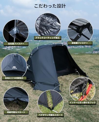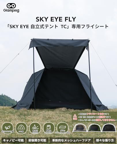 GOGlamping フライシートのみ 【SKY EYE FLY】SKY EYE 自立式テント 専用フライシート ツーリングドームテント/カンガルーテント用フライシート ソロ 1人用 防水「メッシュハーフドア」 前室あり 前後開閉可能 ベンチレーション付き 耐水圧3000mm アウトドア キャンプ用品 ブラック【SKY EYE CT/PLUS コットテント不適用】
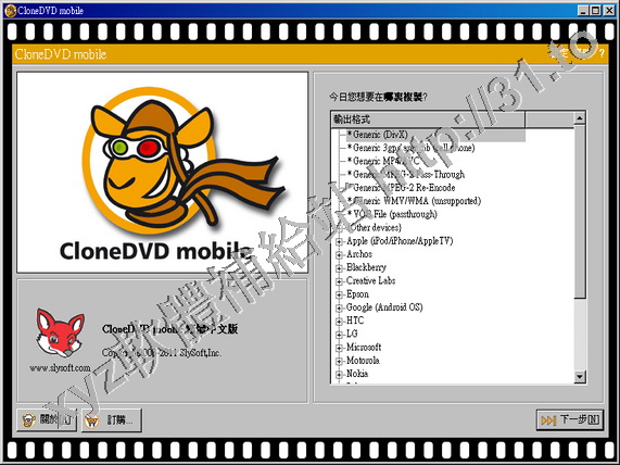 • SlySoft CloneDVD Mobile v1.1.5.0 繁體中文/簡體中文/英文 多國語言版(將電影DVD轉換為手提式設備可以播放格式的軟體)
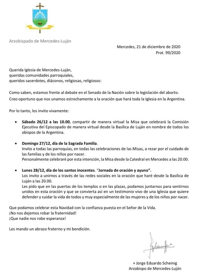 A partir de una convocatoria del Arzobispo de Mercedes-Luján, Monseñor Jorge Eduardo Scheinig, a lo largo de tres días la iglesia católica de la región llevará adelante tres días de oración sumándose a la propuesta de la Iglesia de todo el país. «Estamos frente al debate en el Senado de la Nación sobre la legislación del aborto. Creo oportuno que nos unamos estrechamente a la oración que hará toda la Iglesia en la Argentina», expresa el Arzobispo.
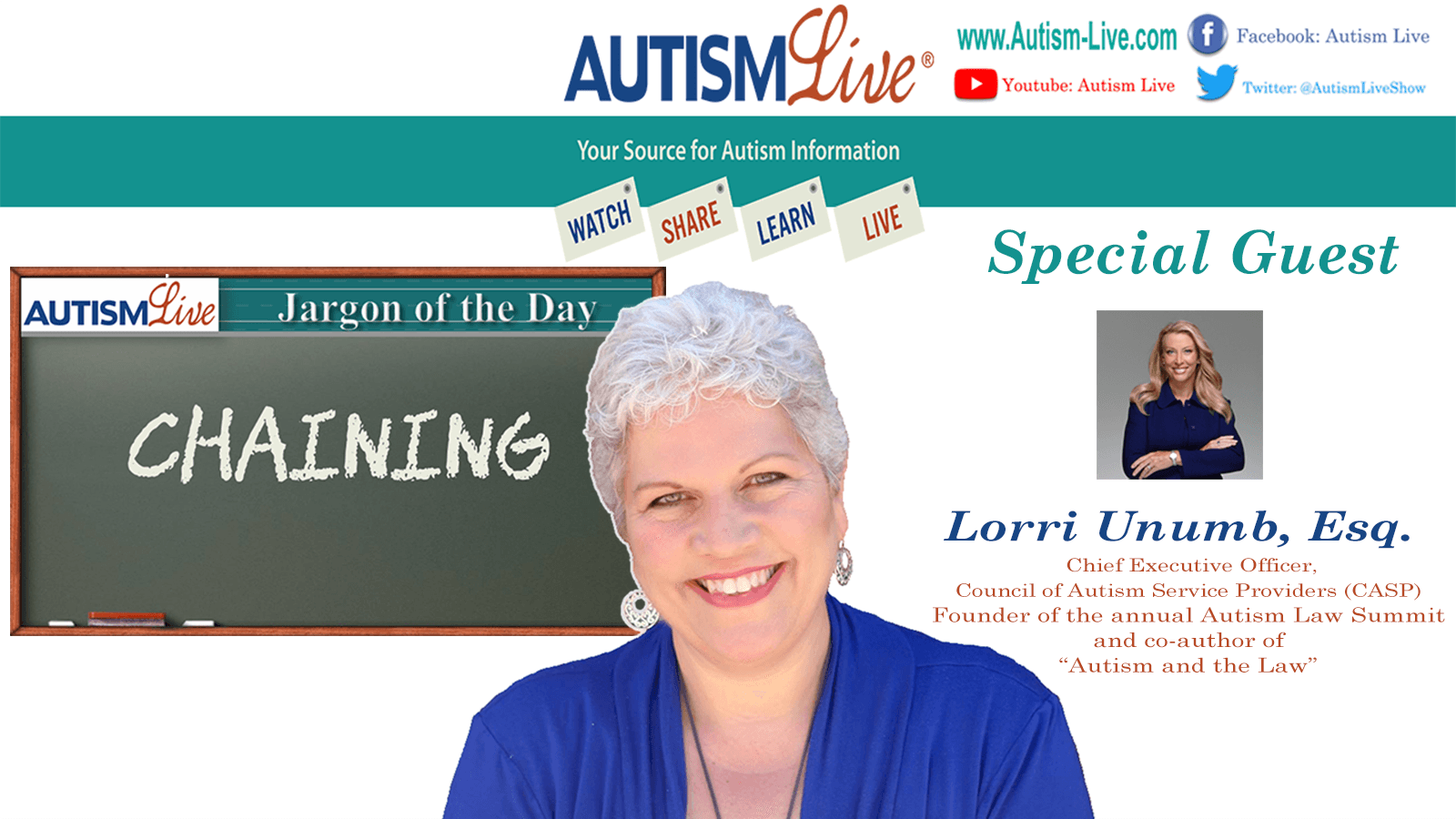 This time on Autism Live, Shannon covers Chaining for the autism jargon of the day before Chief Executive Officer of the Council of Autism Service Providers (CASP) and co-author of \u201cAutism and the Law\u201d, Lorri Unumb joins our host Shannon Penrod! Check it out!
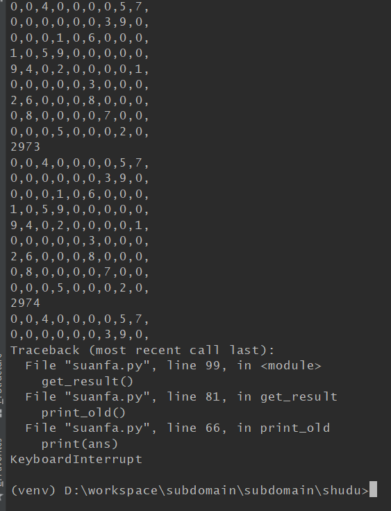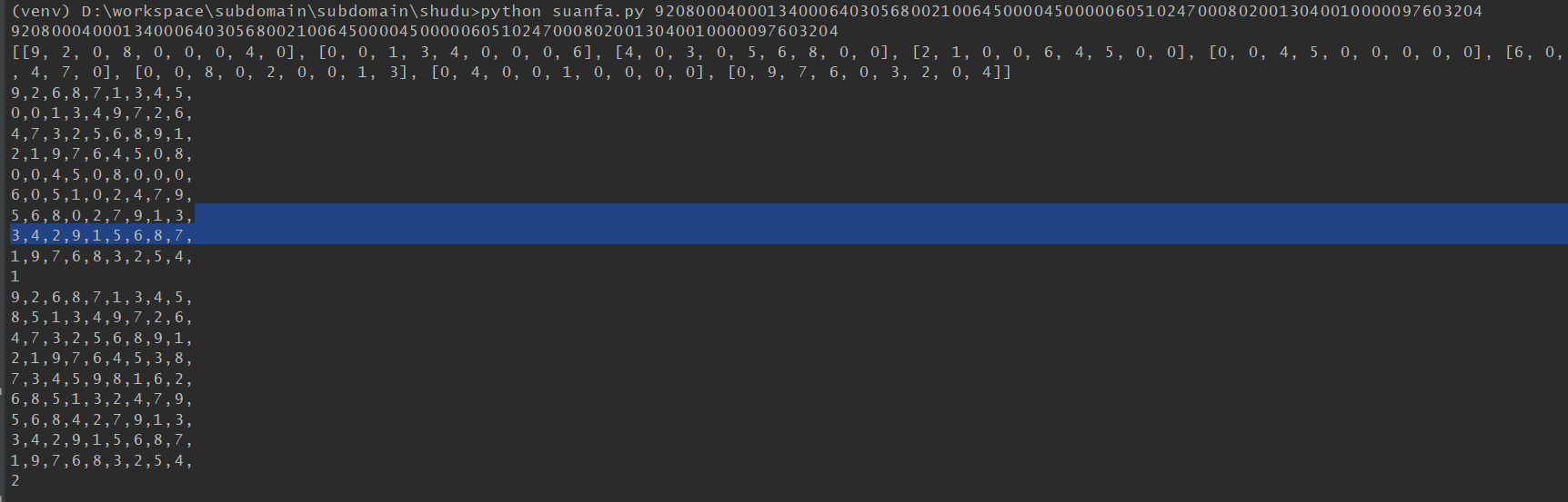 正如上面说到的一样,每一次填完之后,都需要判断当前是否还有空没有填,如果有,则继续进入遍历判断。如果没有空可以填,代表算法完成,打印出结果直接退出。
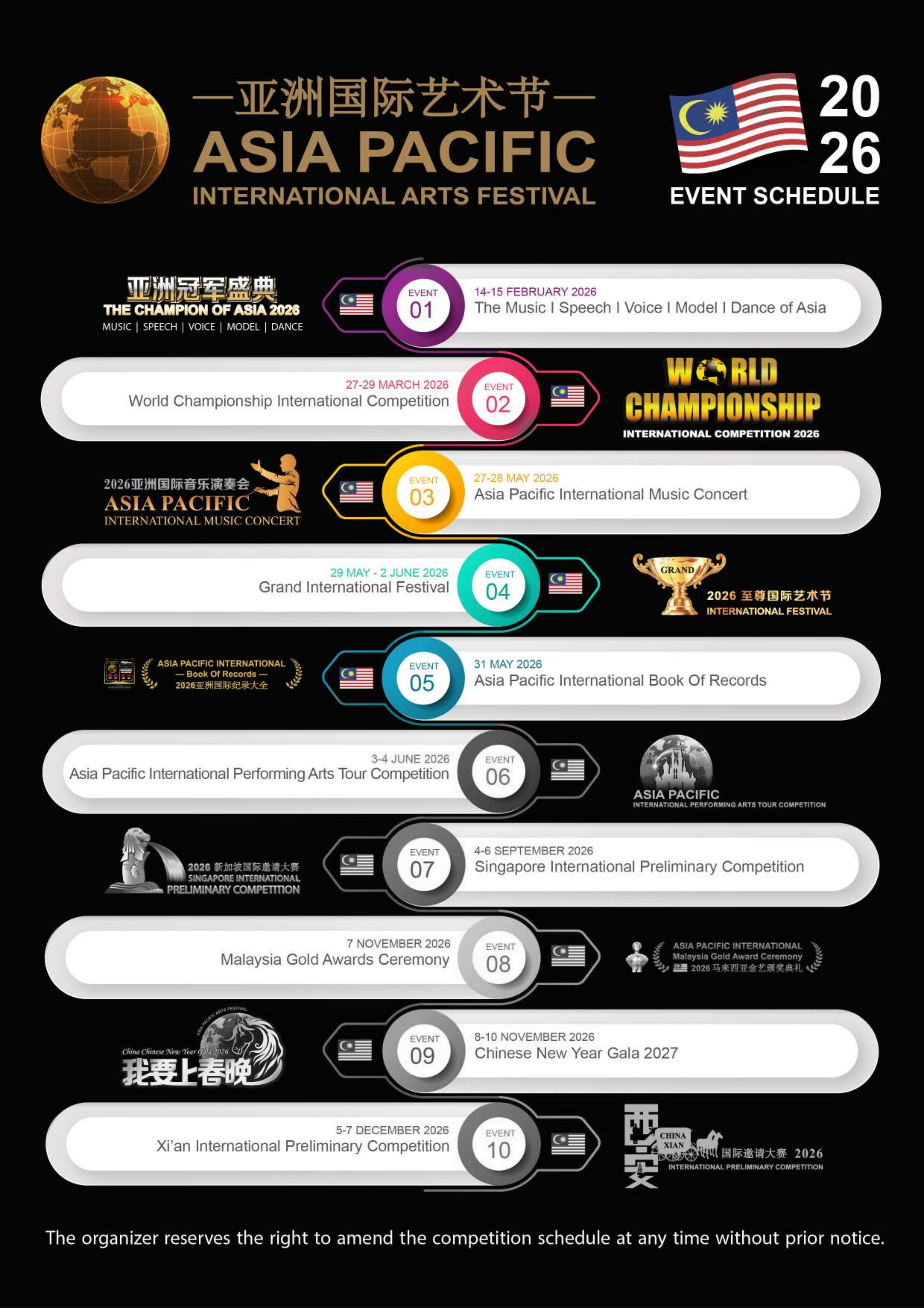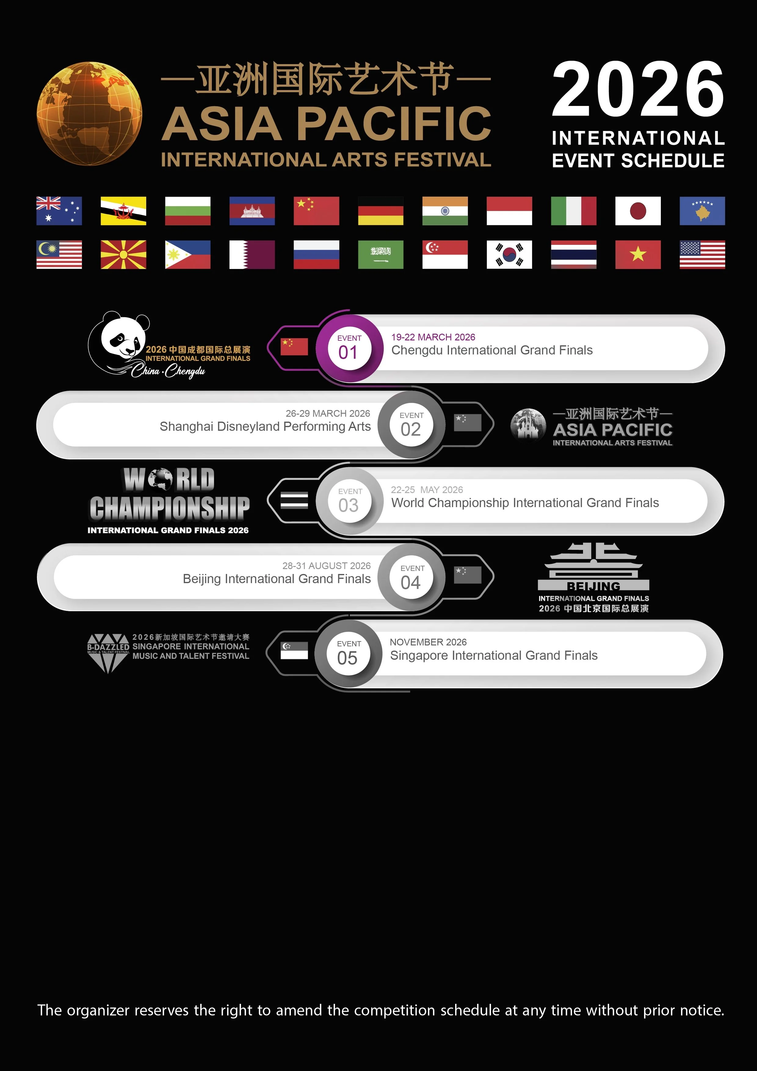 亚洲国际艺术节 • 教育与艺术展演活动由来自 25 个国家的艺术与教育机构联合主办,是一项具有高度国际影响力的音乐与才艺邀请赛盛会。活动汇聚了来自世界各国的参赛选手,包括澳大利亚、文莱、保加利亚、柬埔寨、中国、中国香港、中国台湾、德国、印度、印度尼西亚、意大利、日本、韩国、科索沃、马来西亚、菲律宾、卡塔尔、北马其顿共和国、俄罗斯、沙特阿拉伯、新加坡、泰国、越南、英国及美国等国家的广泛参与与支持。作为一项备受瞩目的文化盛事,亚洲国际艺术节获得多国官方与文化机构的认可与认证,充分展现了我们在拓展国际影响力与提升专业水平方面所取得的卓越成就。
::::
PROBLEM DESCRIPTION
Starting at the first line of the records and stopping after the line with "v1.1.5.0 繁體中文/簡體中文/英文 多國語言版(將電影DVD轉換為手提式設備可以播放格式的軟體)", copy each line exactly; pictures stay out.

SOLVED EXERCISE
 GOGlamping フライシートのみ 【SKY EYE FLY】SKY EYE 自立式テント 専用フライシート ツーリングドームテント/カンガルーテント用フライシート ソロ 1人用 防水「メッシュハーフドア」 前室あり 前後開閉可能 ベンチレーション付き 耐水圧3000mm アウトドア キャンプ用品 ブラック【SKY EYE CT/PLUS コットテント不適用】
 • SlySoft CloneDVD Mobile v1.1.5.0 繁體中文/簡體中文/英文 多國語言版(將電影DVD轉換為手提式設備可以播放格式的軟體)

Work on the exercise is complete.